In conclusion, Douaihy’s paintings reflect the stages of his life and the inspiration he drew from his surroundings. He moved away from the academic style he had absorbed as Habib Srour’s student in Lebanon, toward the radical modernist approach he developed during his time in New York. Working alone in his studio in the loft of the Maronite Church of Our Lady of Lebanon in Brooklyn Heights (now a cathedral), he left his mark in its stained glass windows and a mural of Our Lady of Harissa standing atop Lebanese mountains and looking down upon the seacoast. His abstract paintings from the late 1960s until his death in 1994 resulted from concentrated experimentation–he aimed for strict simplification in both form and color. Characterized by a minimalist aesthetic, his later style derives from a complex system of interrelationships among shapes, colors, and angles. His  unique techniques and his vision of asymmetrical planes embody his notions of the sublime and infinite space. Through his art, he creates an illusion of a world, one that evokes tranquility and peace. His development and evolution make him one of the true pioneers of Arab modernism.
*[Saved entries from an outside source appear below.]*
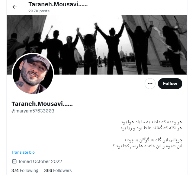 فعالترین کاربر در این کارزار، اکانتی به نام «ترانه موسوی» است که با شناسه کاربری «maryam۵۷۶۳۳۰۰۳» و گرایش برانداز فعالیت دارد. زمان پیوستن این کاربر به ایکس از یک سال گذشته و اواخر سال ۱۴۰۱ (سیزدهم مهرماه) و تعداد فالوورهایش ۳۵۵ نفر است.
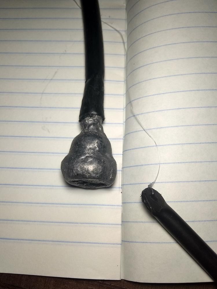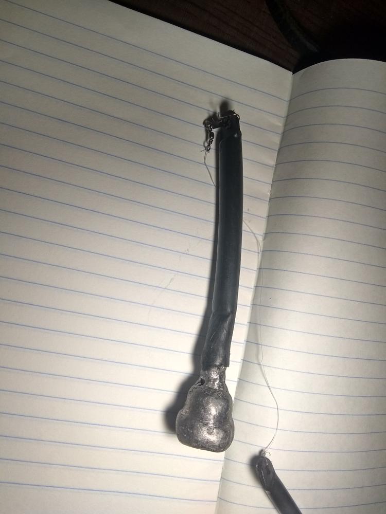 Проба снежанностроения. Несущая проволока из какого-то оптического кабеля (бронеоплётка), корпус из кабеля СИП-16, герметизация клеевым пистолем, заводные кольца и грузики чернореченские соответственно 50 и 40 грамм.
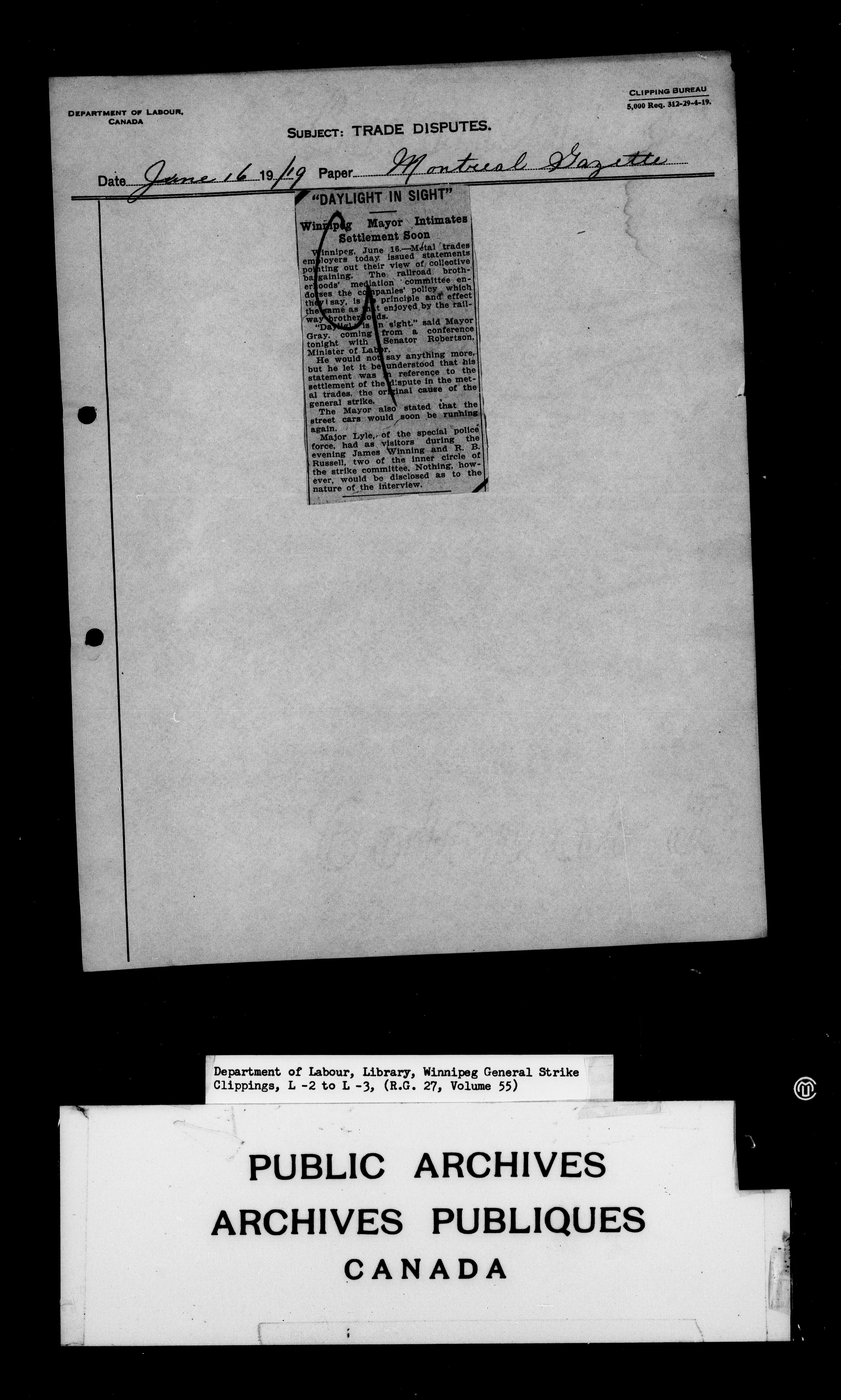 Department of Labour : Winnipeg General Strike Clippings - 4246

Saliba Douaihy, mural and stained-glass windows, Our Lady of Lebanon Maronite Cathedral, Brooklyn Heights, New York

Douaihy’s paintings may be found in the permanent collections of the Albright-Knox Art Gallery, Buffalo, New York; Grey Art Gallery, New York University; Herbert F. Johnson Museum of Art at Cornell University, Ithaca, New York; Museum of Modern Art, New York, and Solomon R. Guggenheim Museum, New York.

Lara Arafeh received an M.A. in Art Business from Sotheby’s Institute, London. In 2019 she was a visiting student in Art & Public Policy, Tisch School of the Arts, NYU, and a Graduate Intern at the Grey.

Notes:
1 El-Hage, B. (n.d.). “Saliba Douaihy: Autobiography and Artistic Views,” in Mathaf Encyclopedia of Modern Art and the Arab World.  Originally published in Nada Shabout, ed. Forever Now: Five Anecdotes from the Permanent Collection, exh. cat. (Doha, Qatar: Bloomsbury Qatar Foundation Publishing, 2012). Available at: http://www.encyclopedia.mathaf.org.qa/en/essays/Pages/Saliba-Douaihy,-Autobiography-and-Artistic-Views.aspx

2 Ibid.

3 Ibid.

4 Ibid.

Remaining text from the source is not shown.